In order to program in RL-Glue developers download a codec for the language of the user's choice, currently C/C++, Java, Lisp, Matlab, and Python are supported. The RL-Glue interface is a series of functions that are defined by the codec.

  ADD EXAMPLE HERE

These functions define a low level protocol for connecting agents, envirionments and experiments. The developers fill in the functions with the desired functionality and then rl_glue passes the messages between the agent, environment and experiment. Users can also use the RL-Library [1], an open-source collection RL-Glue compatible agent, environments, and experiments.
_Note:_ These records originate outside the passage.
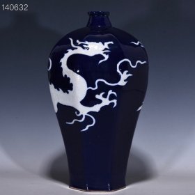 元霁蓝留白刻龙纹八方梅瓶,
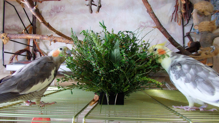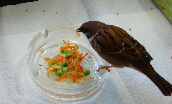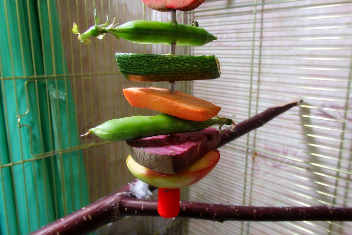 И сегодня птицы тоже не остались без зелени и других вкуснях.
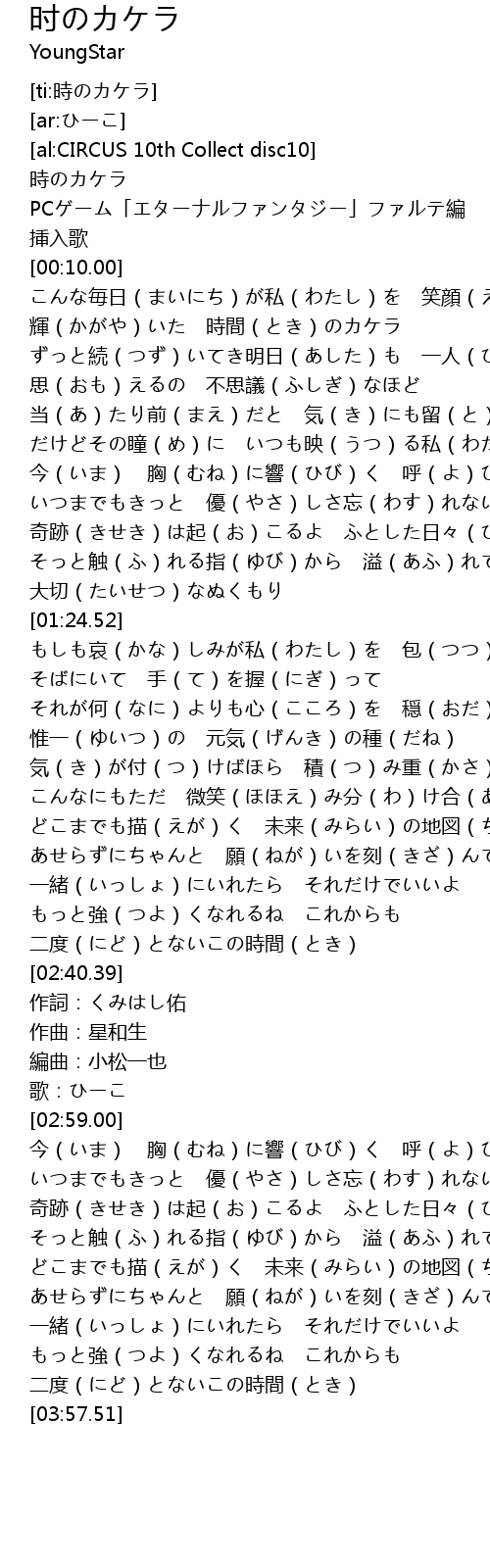 | [00:20.36] | 輝(かがや)いた 時間(とき)のカケラ |
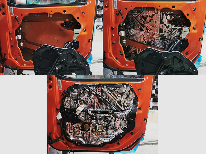 這邊我們第一步也還是做好隔音。雖然牧馬人的門板厚度可以說比其他的車型都要厚。但密封性還不是特別好!這位車主追求的是享受質(zhì)感。所以安排上。這里用的是CSP小炸彈隔音棉
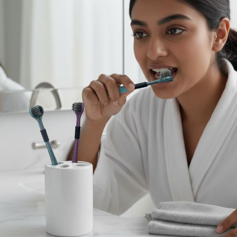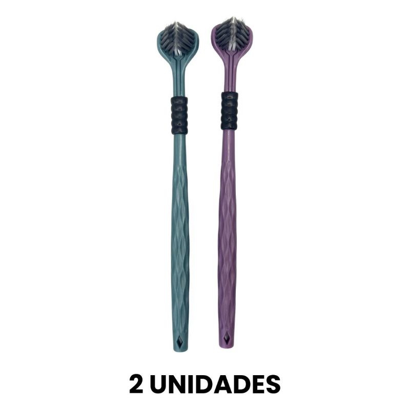 escova de dentes 3 lados kit 2 pcs com cerdas macias para maior conforto limpo
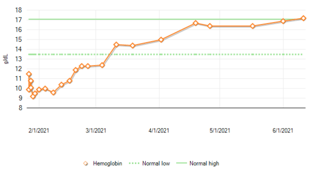 The hemoglobin results post-surgery were super low since I had anemia while on dialysis, but it has steadily increased until it is now borderline high. High hemoglobin can lead to blood clots that may end up in the lungs causing pulmonary embolism, or the brain causing a stroke. Great!
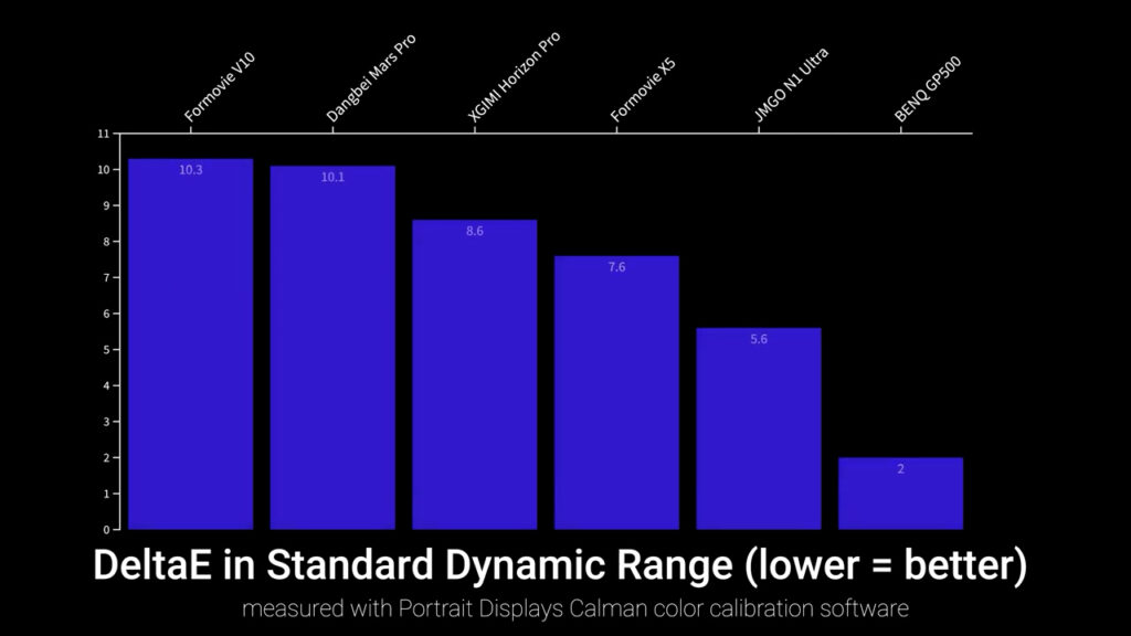 Unfortunately, in this test JMGO came up short, and its most accurate color mode – standard, had an average Delta E in the Rec 709 color space of 5.56, which isn’t terrible, but definitely not under 1. The BENQ GP500 on the other hand had an extremely impressive Delta E of 1.96, which basically means it comes pre-calibrated from the factory, and the worst performers with the least accurate colors were the Formovie V10 and the Dangbei Mars Pro.
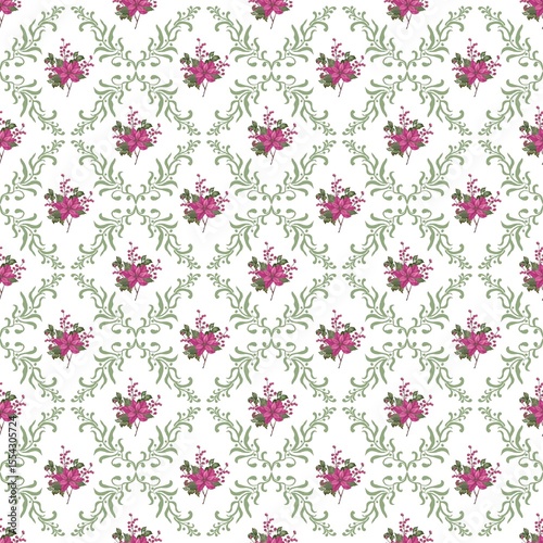 A festive pattern featuring clusters of red poinsettias and berries with green leaves, set against a subtle, light background with a delicate green ornamental leaves Perfect for holiday cheer.

One of the most important things to understand about RL-Glue is the Task Spec. The task speck is essentially the problem definition in RL-Glue. The task spec follows the following template:

 VERSION <version-name> PROBLEMTYPE <problem-type> DISCOUNTFACTOR <discount-factor> 
 OBSERVATIONS INTS ([times-to-repeat-this-tuple=1] <min-value> <max-value>)* 
 DOUBLES ([times-to-repeat-this-tuple=1] <min-value> <max-value>)* 
 CHARCOUNT <char-count> ACTIONS INTS ([times-to-repeat-this-tuple=1] <min-value> <max-value>)*
DOUBLES ([times-to-repeat-this-tuple=1] <min-value> <max-value>)* 
 CHARCOUNT <char-count> REWARDS (<min-value> <max-value>) 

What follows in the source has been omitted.